A production-ready OpenBao secrets management runbook with HTTPS, Raft storage, audit logs, backups, and practical operations checks.

Secrets management becomes painful when application tokens, database passwords, encryption keys, and CI credentials are spread across environment files and chat history. OpenBao, the community-driven fork of Vault, gives teams a central place to issue, rotate, audit, and revoke secrets without redesigning every application at once. This guide walks through a production-oriented single-node OpenBao deployment on Ubuntu using Docker Compose, Caddy for automatic HTTPS, and integrated Raft storage for durable local state.

The target reader is a small platform team that needs a dependable secrets service for internal applications, automation runners, and staging environments. The design is intentionally conservative: one hardened host, explicit filesystem permissions, TLS at the edge, encrypted backups, and a runbook that operators can follow during upgrades or recovery.

Architecture and flow overview

Traffic enters through Caddy on ports 80 and 443. Caddy obtains and renews certificates, then proxies HTTPS requests to OpenBao on the private Docker network. OpenBao stores encrypted data in its integrated Raft directory, exposes the API only behind Caddy, and writes audit logs to a mounted host path. Operators initialize and unseal the service manually, then configure auth methods, policies, and backup jobs.

  • Client path: browser, CLI, or application → HTTPS → Caddy → OpenBao API.
  • Storage path: OpenBao → integrated Raft files under /opt/openbao/data.
  • Operations path: systemd-managed Docker Compose, encrypted snapshot backups, and audit logs.

Prerequisites

  • Ubuntu 22.04 or 24.04 server with a static public IP.
  • A DNS record such as bao.example.com pointing at the server.
  • Root or sudo access, outbound internet access, and ports 80/443 open.
  • A secure workstation for storing initial unseal keys and the first root token.

Step-by-step deployment

1) Install Docker, Compose, and baseline tools

Start with a clean package refresh and install only the tools needed for the runtime and backup workflow.

sudo apt-get update
sudo apt-get install -y ca-certificates curl gnupg ufw jq age
curl -fsSL https://get.docker.com | sudo sh
sudo usermod -aG docker "$USER"
docker version
docker compose version

Manual copy fallback: select the command block above and copy it if the button is unavailable.

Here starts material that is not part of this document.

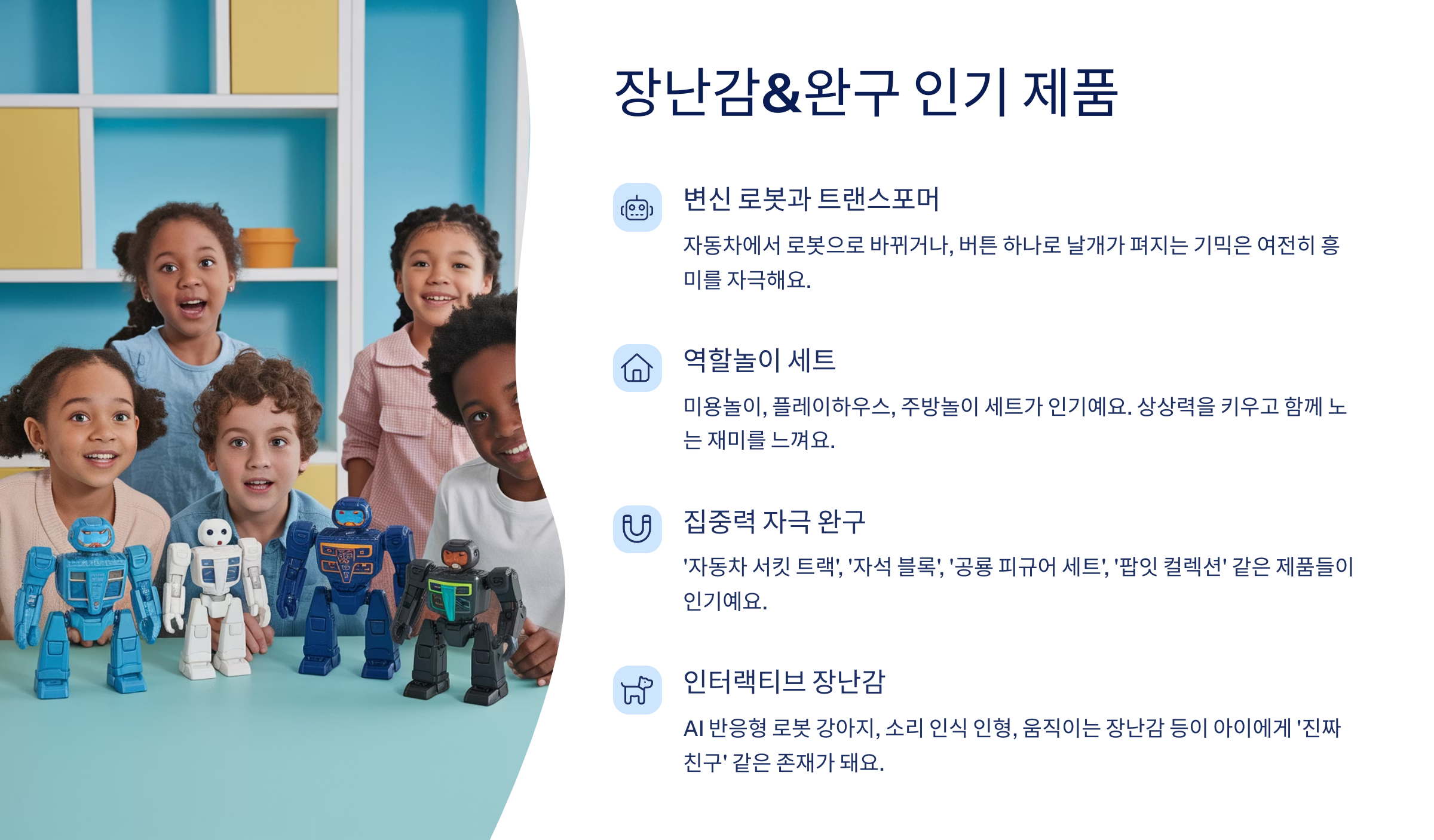 특히 디지털 네이티브 세대인 요즘 아이들은 AR, VR, 앱 연동 장난감 같은 인터랙티브 요소를 가진 제품에 큰 관심을 보여요. 또한 부모와 함께 즐길 수 있는 DIY 키트나 보드게임도 다시 주목받고 있어요.

2) Create directories and permissions

Keep configuration, data, audit logs, and backups separated. The OpenBao container runs as a non-root user, so the data directory must be writable by that UID.

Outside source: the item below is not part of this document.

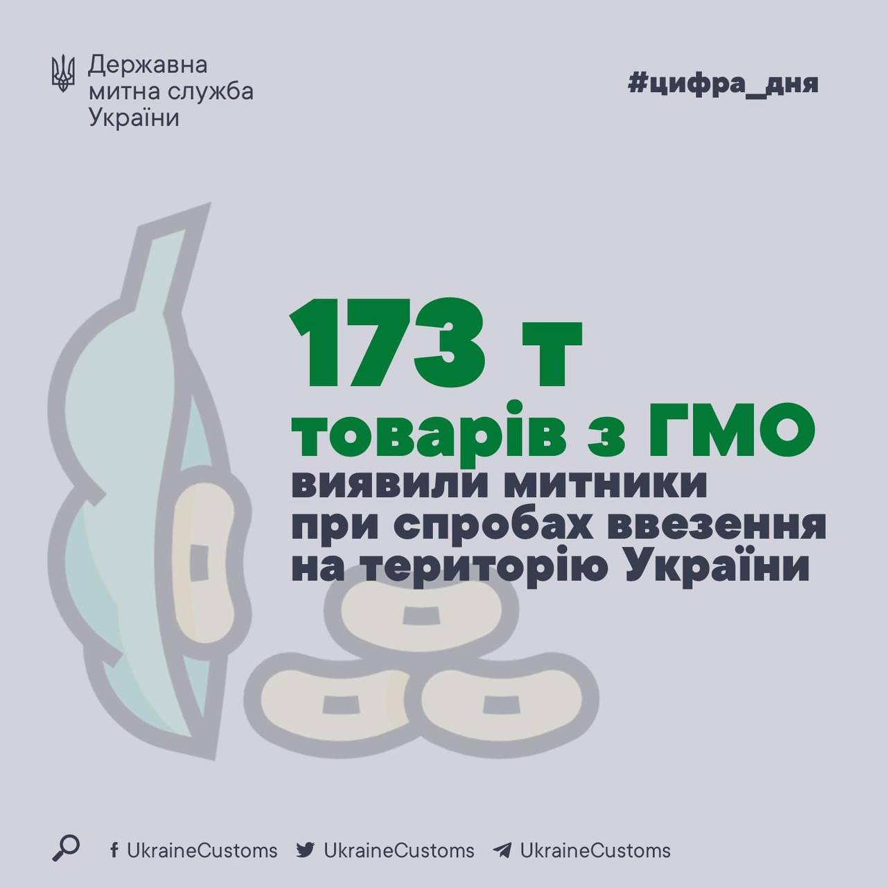 За березень-травень 2021 року Координаційно-моніторинговою митницею Держмитслужби ✅ виявлено три факти переміщення товарів через митний кордон України, де складова частина генетично модифікованих організмів (ГМО) підтверджена лабораторними дослідженнями. Загальна вага товарів становить 173 тонни, вартість їх майже 3,4 млн. грн.

sudo mkdir -p /opt/openbao/{config,data,logs,backups}
sudo chown -R 100:1000 /opt/openbao/data /opt/openbao/logs
sudo chmod 750 /opt/openbao /opt/openbao/config /opt/openbao/data /opt/openbao/logs /opt/openbao/backups
cd /opt/openbao

Manual copy fallback: select the command block above and copy it if the button is unavailable.

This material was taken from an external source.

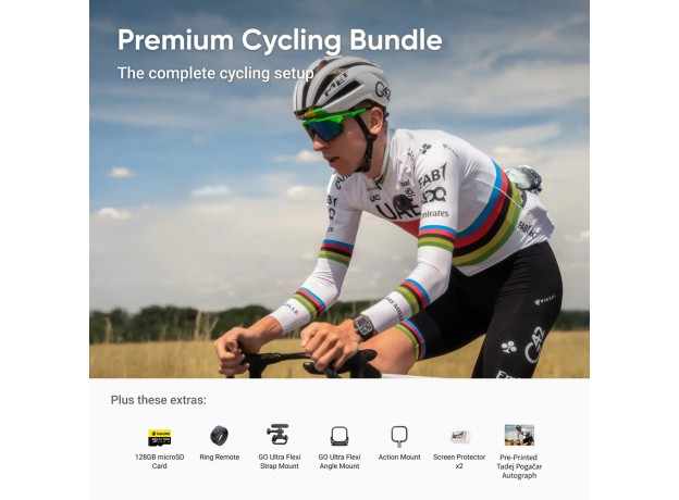 - - Premium Cycling Bundle bổ sung thẻ nhớ microSD 128GB, vòng điều khiển từ xa, giá lắp dây đeo, giá lắp góc, giá lắp Action và 2 bảo vệ màn hình

3) Write the OpenBao server configuration

This configuration enables integrated storage, binds the API inside the Compose network, and avoids exposing the cluster listener publicly. Replace the hostname before starting the stack.

sudo tee /opt/openbao/config/openbao.hcl >/dev/null <<'EOF'
ui = true
api_addr = "https://bao.example.com"
cluster_addr = "http://openbao:8201"
disable_mlock = true

storage "raft" {
  path    = "/openbao/data"
  node_id = "openbao-1"
}

listener "tcp" {
  address     = "0.0.0.0:8200"
  tls_disable = true
}

log_level = "info"
EOF
sudo chmod 640 /opt/openbao/config/openbao.hcl

Manual copy fallback: select the command block above and copy it if the button is unavailable.

4) Create Docker Compose services

Compose keeps the deployment readable and restartable. Caddy is the only container with public ports; OpenBao stays on the internal application network.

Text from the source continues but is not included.